**Aim of the exercise:**
Your answer should hold exactly the lines below from the line with "The PICOGLOSS 562" through the line with "P St Joseph's", both included, and no pictures at all.

:: Supplied entries

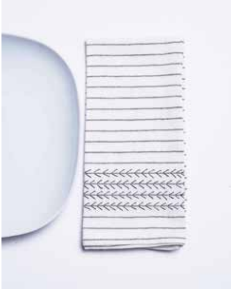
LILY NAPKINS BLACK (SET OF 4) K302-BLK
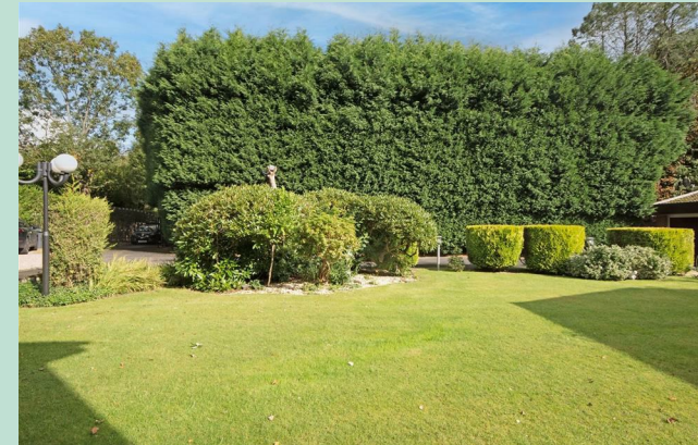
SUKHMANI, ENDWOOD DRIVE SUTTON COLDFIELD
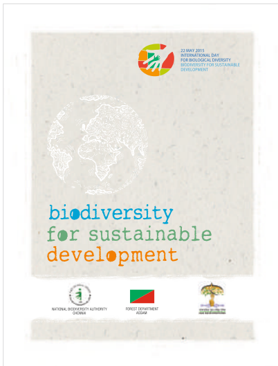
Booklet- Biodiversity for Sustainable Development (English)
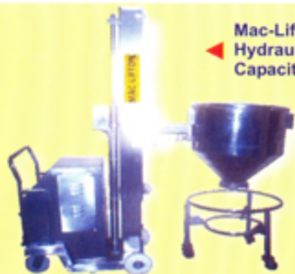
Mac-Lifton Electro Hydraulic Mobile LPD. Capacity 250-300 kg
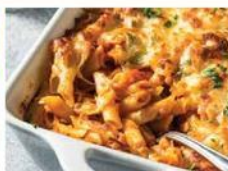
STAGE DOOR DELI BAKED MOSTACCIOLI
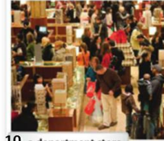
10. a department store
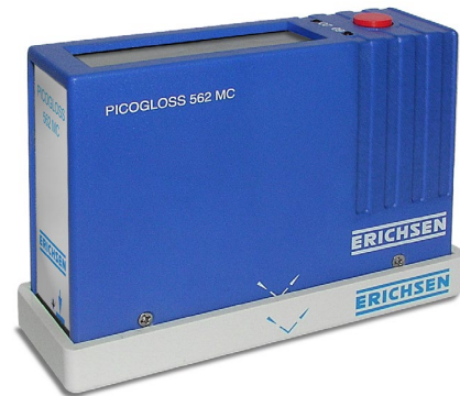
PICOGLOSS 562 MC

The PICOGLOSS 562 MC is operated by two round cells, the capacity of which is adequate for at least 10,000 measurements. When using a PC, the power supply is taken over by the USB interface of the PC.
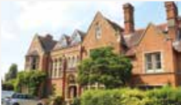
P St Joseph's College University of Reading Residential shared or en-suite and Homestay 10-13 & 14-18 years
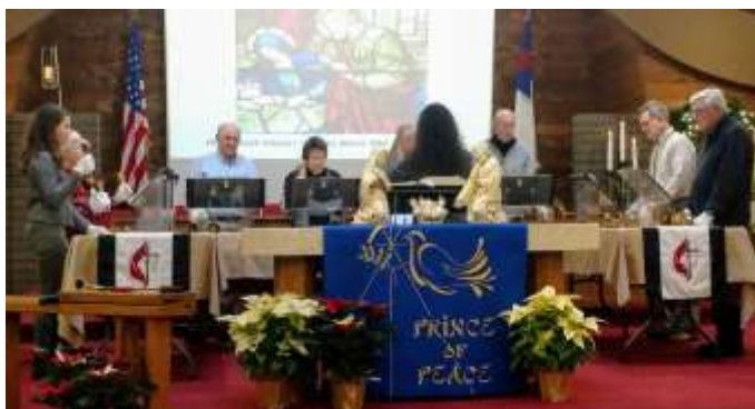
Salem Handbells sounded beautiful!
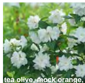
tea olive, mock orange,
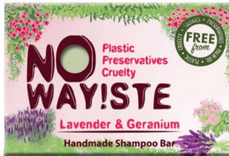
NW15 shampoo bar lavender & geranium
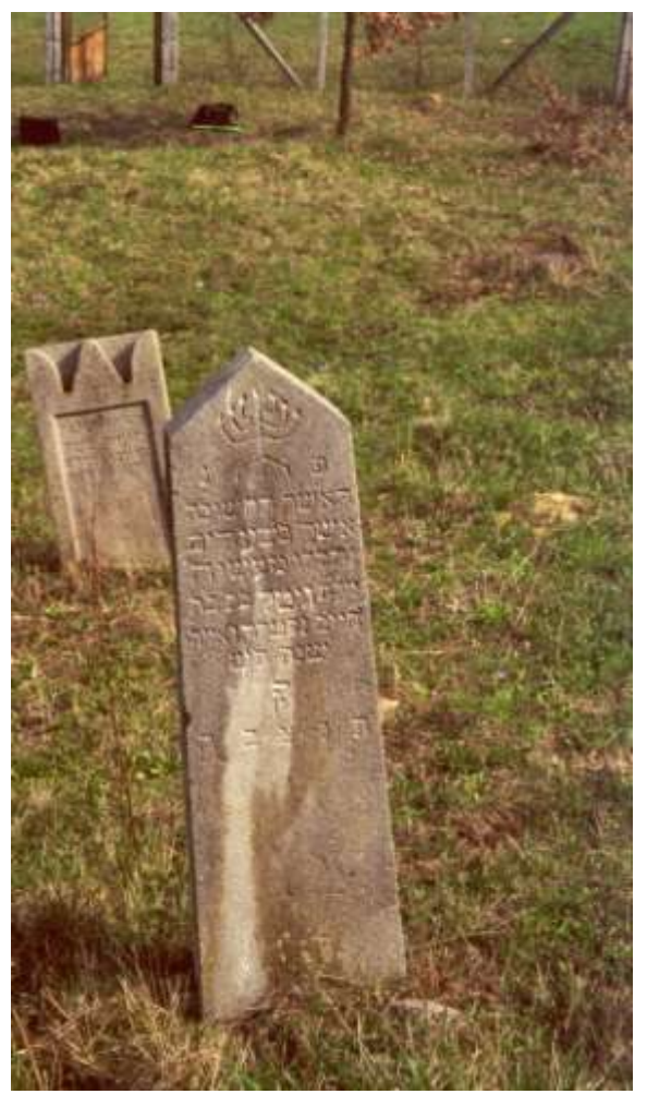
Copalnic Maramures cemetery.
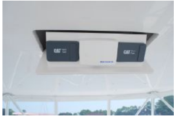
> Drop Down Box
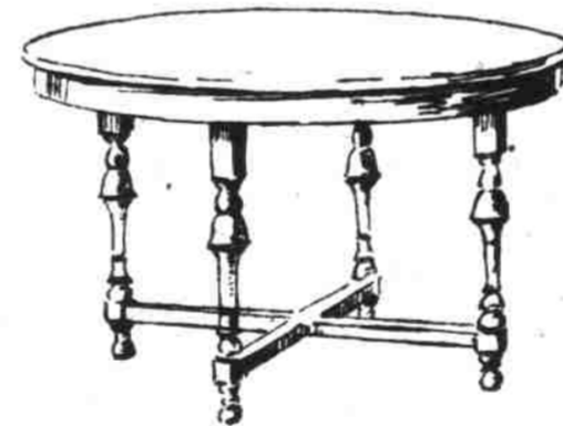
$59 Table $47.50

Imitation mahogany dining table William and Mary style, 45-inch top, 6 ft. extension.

::::

**Written response:**
The PICOGLOSS 562 MC is operated by two round cells, the capacity of which is adequate for at least 10,000 measurements. When using a PC, the power supply is taken over by the USB interface of the PC.
P St Joseph's College University of Reading Residential shared or en-suite and Homestay 10-13 & 14-18 years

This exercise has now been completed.